TASK TO COMPLETE: For this exercise, write out only the lines of the entries below from the one with "②のカバーに入れ、すずしい場所に、はこを立てておいておく。" up to and including the one with "Preis 1799€ inkl.Versand", exactly as they are. Pictures stay out.

SUPPLIED DATA:
^^^^

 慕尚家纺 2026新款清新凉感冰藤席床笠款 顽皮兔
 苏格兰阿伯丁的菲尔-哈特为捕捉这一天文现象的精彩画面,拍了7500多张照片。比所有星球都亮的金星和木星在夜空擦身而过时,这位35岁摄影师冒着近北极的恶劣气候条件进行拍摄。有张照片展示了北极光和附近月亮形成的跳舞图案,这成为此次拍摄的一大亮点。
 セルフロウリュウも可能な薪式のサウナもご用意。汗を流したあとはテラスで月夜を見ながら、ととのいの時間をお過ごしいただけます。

^^^^

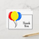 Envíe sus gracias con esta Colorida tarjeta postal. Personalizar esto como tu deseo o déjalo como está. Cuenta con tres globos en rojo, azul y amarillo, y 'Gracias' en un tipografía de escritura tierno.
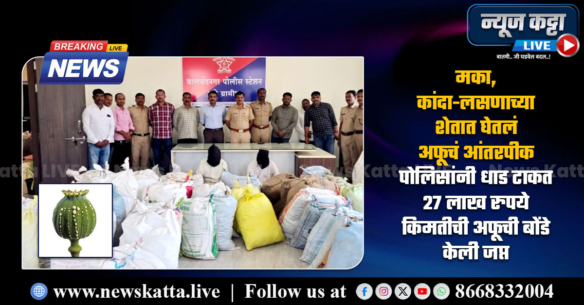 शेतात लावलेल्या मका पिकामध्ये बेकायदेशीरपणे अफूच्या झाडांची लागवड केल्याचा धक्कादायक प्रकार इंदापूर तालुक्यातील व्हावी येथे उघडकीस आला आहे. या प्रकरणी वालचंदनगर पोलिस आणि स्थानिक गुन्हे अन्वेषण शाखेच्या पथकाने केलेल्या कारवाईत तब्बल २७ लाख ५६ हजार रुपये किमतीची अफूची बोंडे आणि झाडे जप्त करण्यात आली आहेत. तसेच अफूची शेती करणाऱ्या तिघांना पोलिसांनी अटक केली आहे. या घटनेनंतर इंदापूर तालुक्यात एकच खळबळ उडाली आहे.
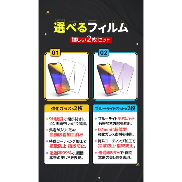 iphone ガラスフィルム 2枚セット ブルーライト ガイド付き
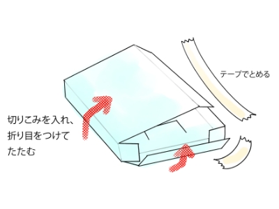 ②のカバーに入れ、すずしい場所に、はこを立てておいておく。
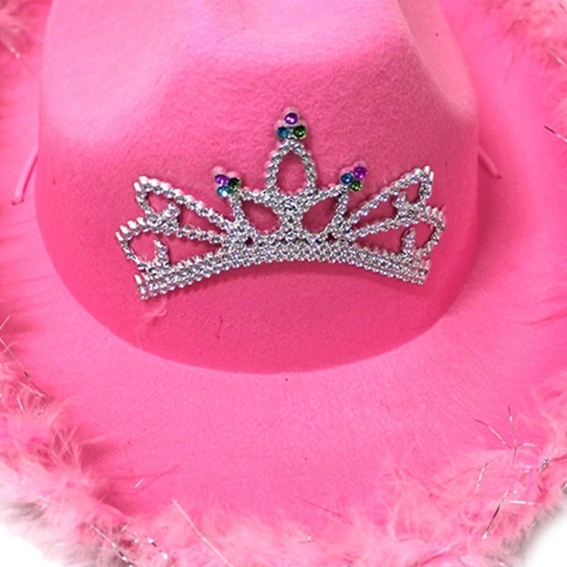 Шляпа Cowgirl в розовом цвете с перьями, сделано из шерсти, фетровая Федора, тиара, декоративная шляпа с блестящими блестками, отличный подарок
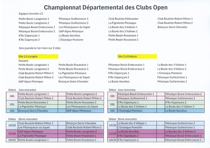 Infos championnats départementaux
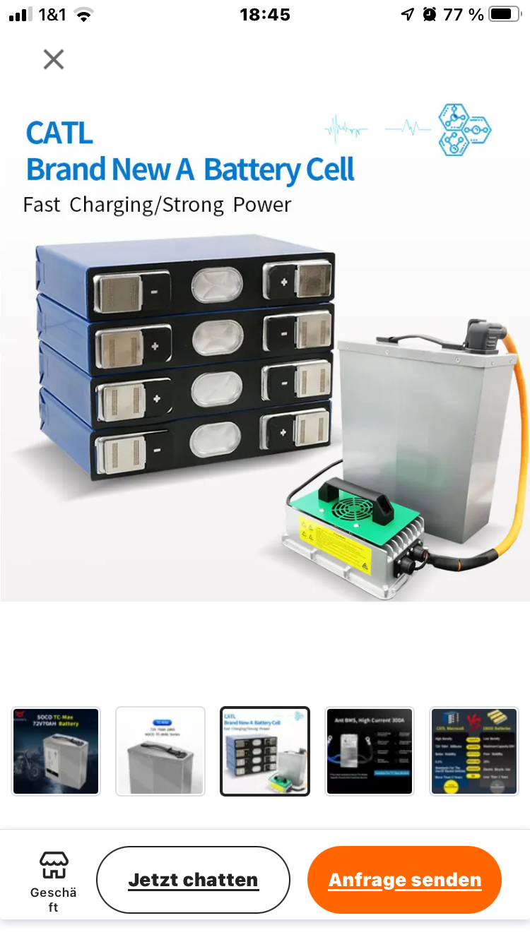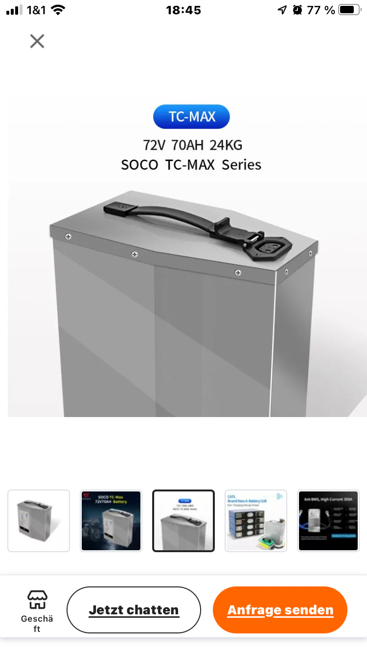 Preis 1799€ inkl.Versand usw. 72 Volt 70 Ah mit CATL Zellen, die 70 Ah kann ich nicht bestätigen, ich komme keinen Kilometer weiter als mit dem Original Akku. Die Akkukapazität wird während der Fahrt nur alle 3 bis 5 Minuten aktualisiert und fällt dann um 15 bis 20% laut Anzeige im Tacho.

^^^^

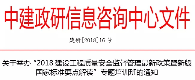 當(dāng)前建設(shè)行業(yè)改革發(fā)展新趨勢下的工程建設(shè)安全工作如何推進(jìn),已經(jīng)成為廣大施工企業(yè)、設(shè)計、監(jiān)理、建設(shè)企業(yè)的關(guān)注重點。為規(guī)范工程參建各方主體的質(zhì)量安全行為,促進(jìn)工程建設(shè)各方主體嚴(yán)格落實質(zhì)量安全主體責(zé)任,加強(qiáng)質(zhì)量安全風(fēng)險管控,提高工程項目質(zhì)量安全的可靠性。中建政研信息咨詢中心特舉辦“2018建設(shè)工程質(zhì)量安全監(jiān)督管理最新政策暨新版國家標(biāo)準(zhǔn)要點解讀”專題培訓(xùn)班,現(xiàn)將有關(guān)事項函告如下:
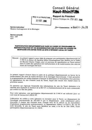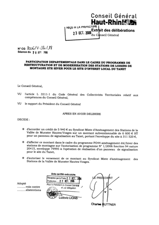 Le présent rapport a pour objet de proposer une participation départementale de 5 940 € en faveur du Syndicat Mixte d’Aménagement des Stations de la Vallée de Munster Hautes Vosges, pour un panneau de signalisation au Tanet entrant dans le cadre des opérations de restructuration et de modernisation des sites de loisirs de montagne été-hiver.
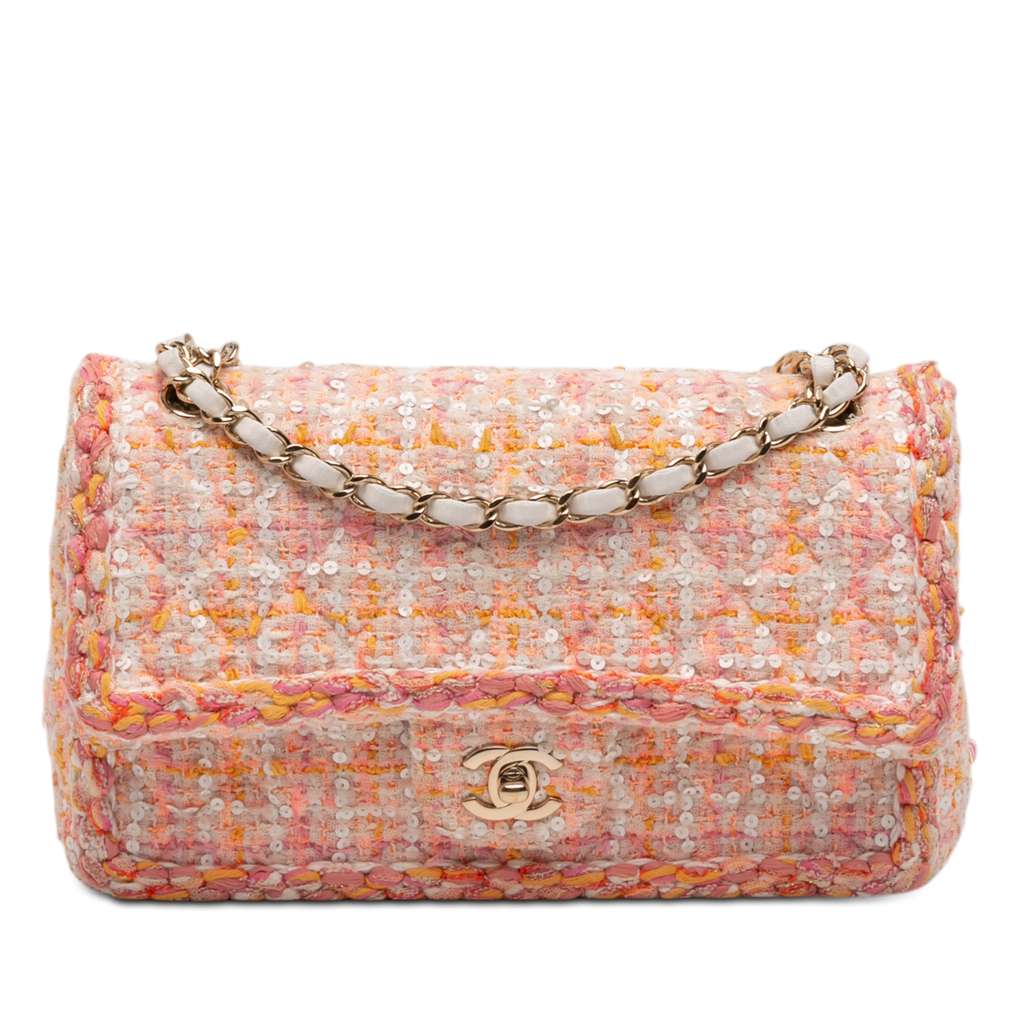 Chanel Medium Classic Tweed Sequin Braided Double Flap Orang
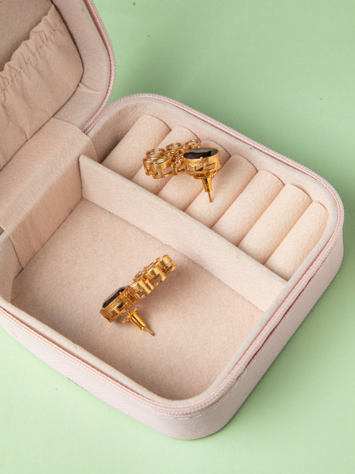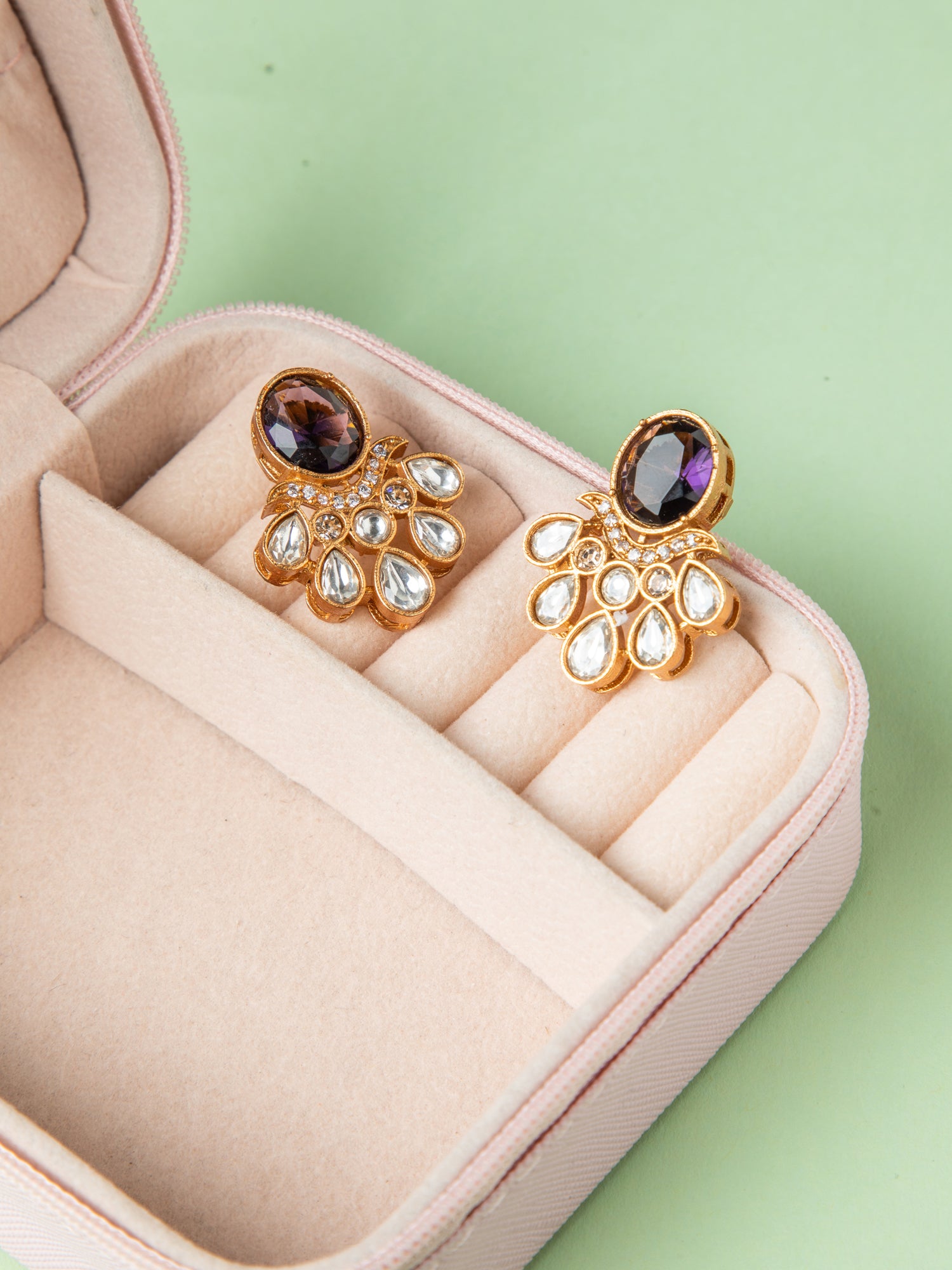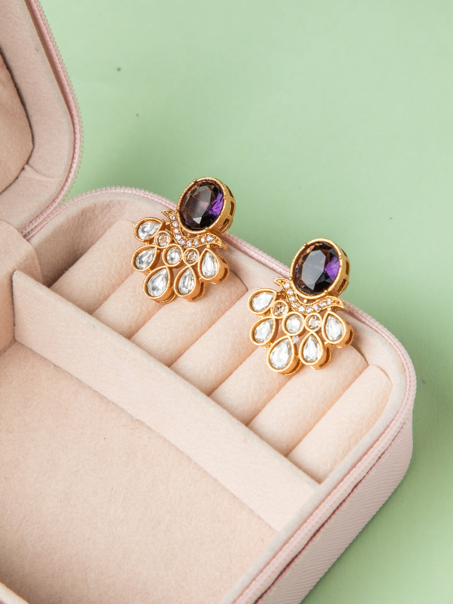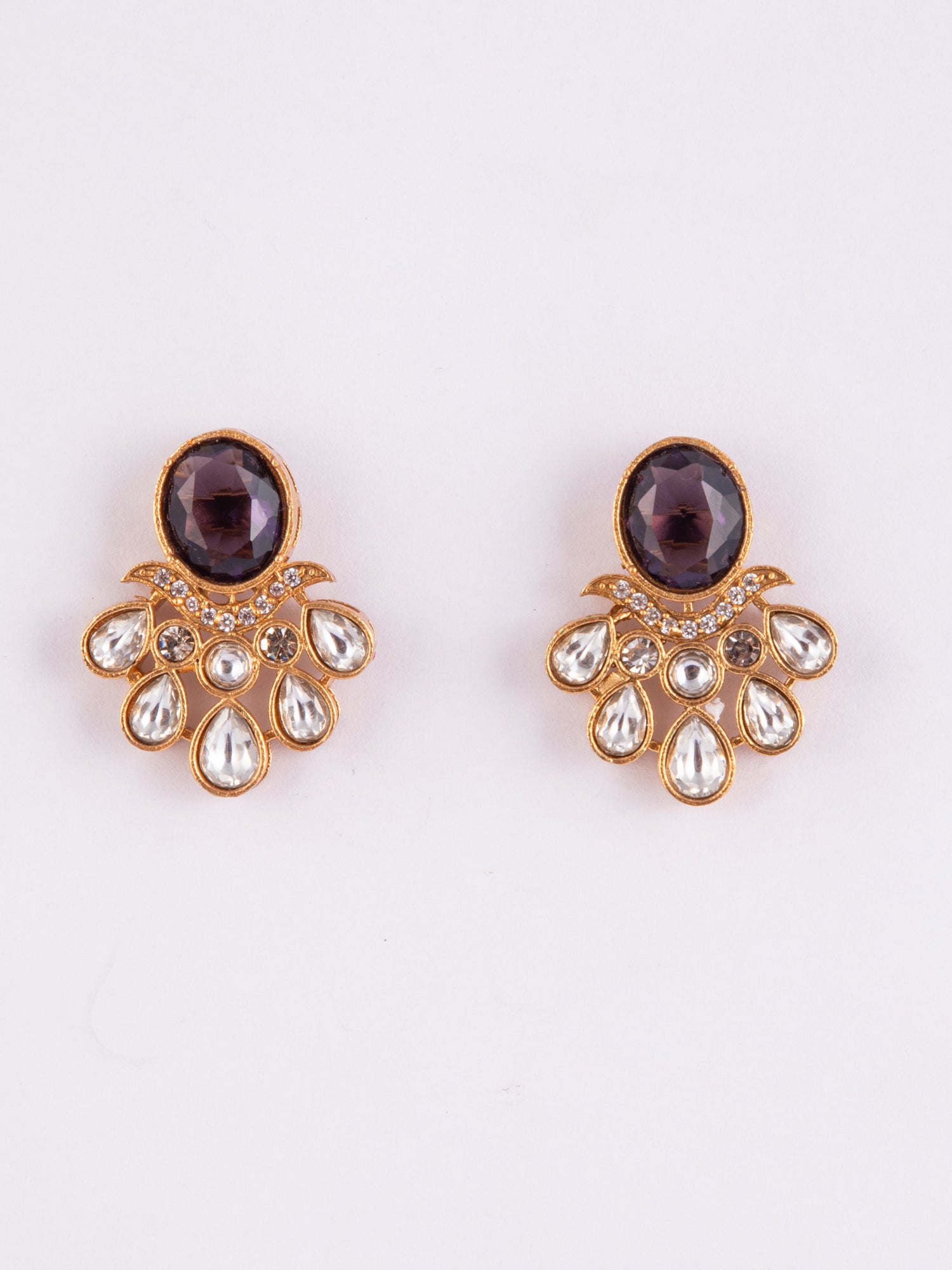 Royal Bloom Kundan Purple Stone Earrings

^^^^

WRITTEN SOLUTION:
 ②のカバーに入れ、すずしい場所に、はこを立てておいておく。
 Шляпа Cowgirl в розовом цвете с перьями, сделано из шерсти, фетровая Федора, тиара, декоративная шляпа с блестящими блестками, отличный подарок
 Infos championnats départementaux
 Preis 1799€ inkl.Versand usw. 72 Volt 70 Ah mit CATL Zellen, die 70 Ah kann ich nicht bestätigen, ich komme keinen Kilometer weiter als mit dem Original Akku. Die Akkukapazität wird während der Fahrt nur alle 3 bis 5 Minuten aktualisiert und fällt dann um 15 bis 20% laut Anzeige im Tacho.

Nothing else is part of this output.